Monday, March 21, 2005


e-Scrabble has received a cease and desist order from Hasbro, who created this game. I'm sure it's because the Scrabble name has been used. If the name is changed, will they still be intersted in trying to close the site down?

The amount of users is high so it would be sad for them to see the site go, but looking at the letter it seems Hasbo are referring to use of the name and board game rules. I'd simply change the name and keep the rules, that would probably be the end of it. Hasbro will be annoying a lot of Scrabble users by causing the site to be shut down. If the domain is handed over they would probably start a service that you have to pay for, the money aspect is taking over yet again.

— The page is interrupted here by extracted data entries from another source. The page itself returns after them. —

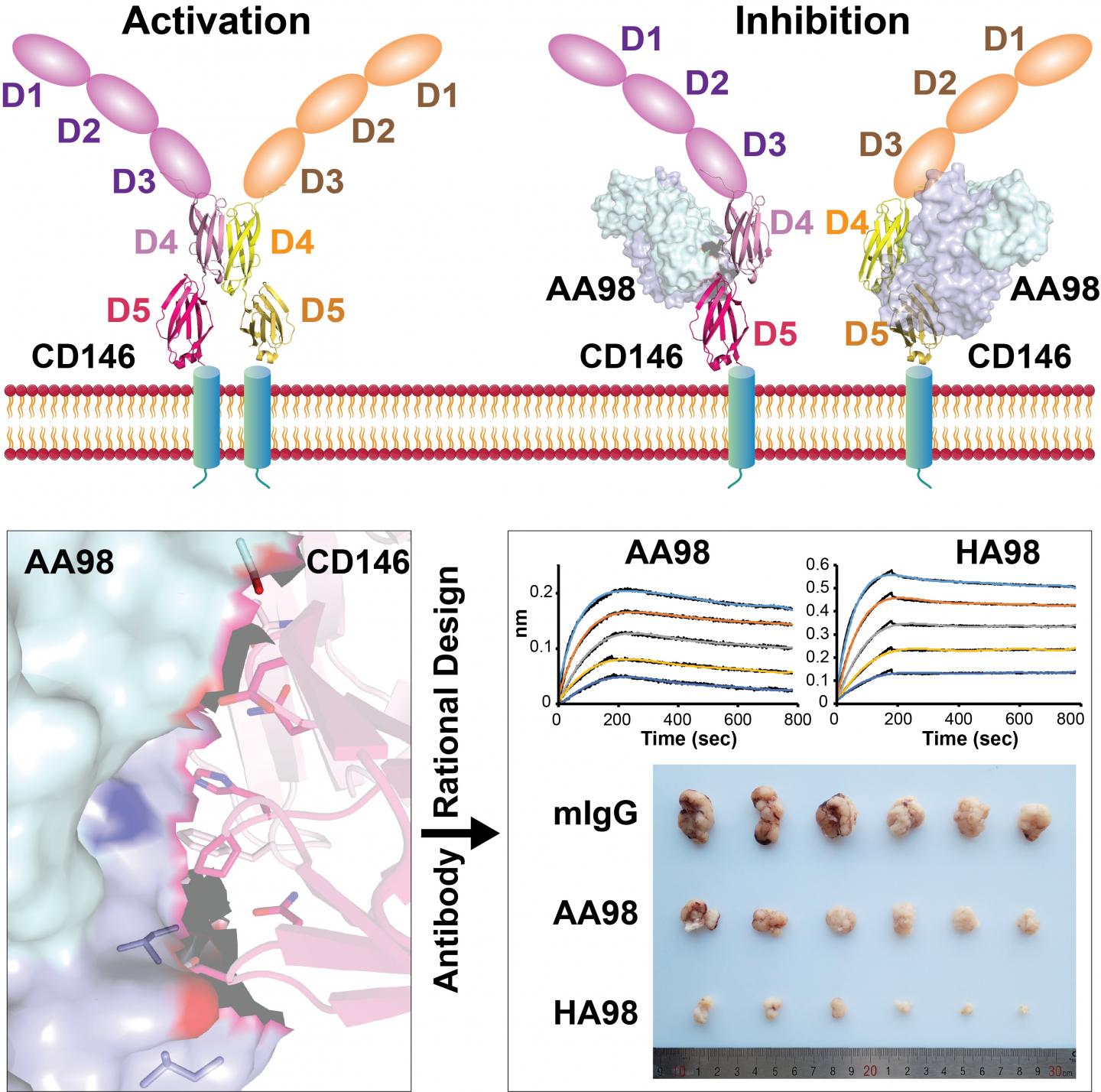 image: A higher affinity antibody HA98 was rationally designed based on the CD146/AA98 complex structure and showed better inhibitory effects on tumor growth. (Image by XIE Can)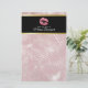 Stationery paper with a background composed with a modern trendy rose gold tropical leaves pattern. Layered over top is a black frame with a gold gradient border, inside are pink glittery lips.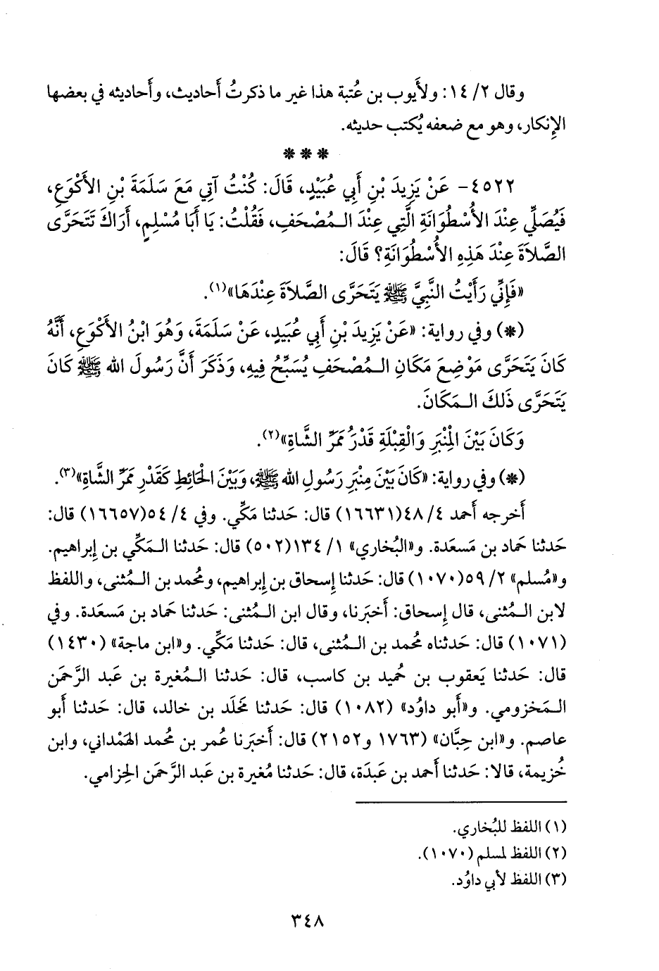 - وفي رواية: «عن يزيد بن أبي عبيد، عن سلمة، وهو ابن الأكوع، أنه كان يتحرى موضع مكان المصحف يسبح فيه، وذكر أن رسول الله صَلى الله عَليه وسَلم كان يتحرى ذلك المكان.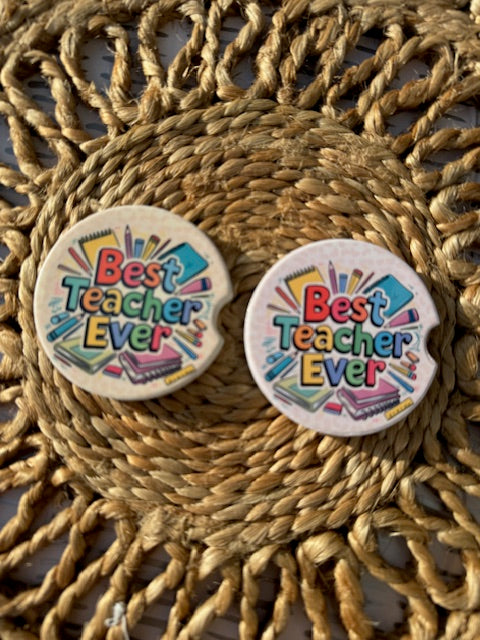 🍎 Best Teacher Ever Car Coasters – Show your appreciation with these fun, practical coasters! Perfect for keeping cup holders clean, they make a thoughtful gift for the amazing teacher in your life.

It's fair enough that the name and such belongs to Hasbo but by shutting this site down they are giving a red light to players of Scrabble who may in turn decide to no longer purchase any games from Hasbo and with the amount of users that e-Scrabble has, if they all decided to stop buying Hasbo games, Hasbo would wish they had of provided support for it rather than issuing cease and desist orders.

Maybe Hasbo should take notice of other recent purchases of web based services and buy e-Scrabble, it's popular and Hasbo would get respect for doing so as well as financial gains, depending on how they moved things forward. Taking the approach they have, all parties will loose out.

Post ID: 699, posted by jase at 11:10 PM
Permalink | TrackBack ID: 672, (3) | Category: Internet | Google Search

I'm trying to remember what the issue is with Scrabble. I think they actually trademarked "Scrabble Crossword Game" so I'm not sure how that factors in...

If you're interested in Scrabble, check out "Word Freak", it's about a reporter who was doing a short article for a magazine but it he got sucked in with the scrabble geeks. It's very interesting -- about the history and the clubs and competitions and how it all fits together. The problems with the world tournaments (someone else owns the game outside the US and the language barrier).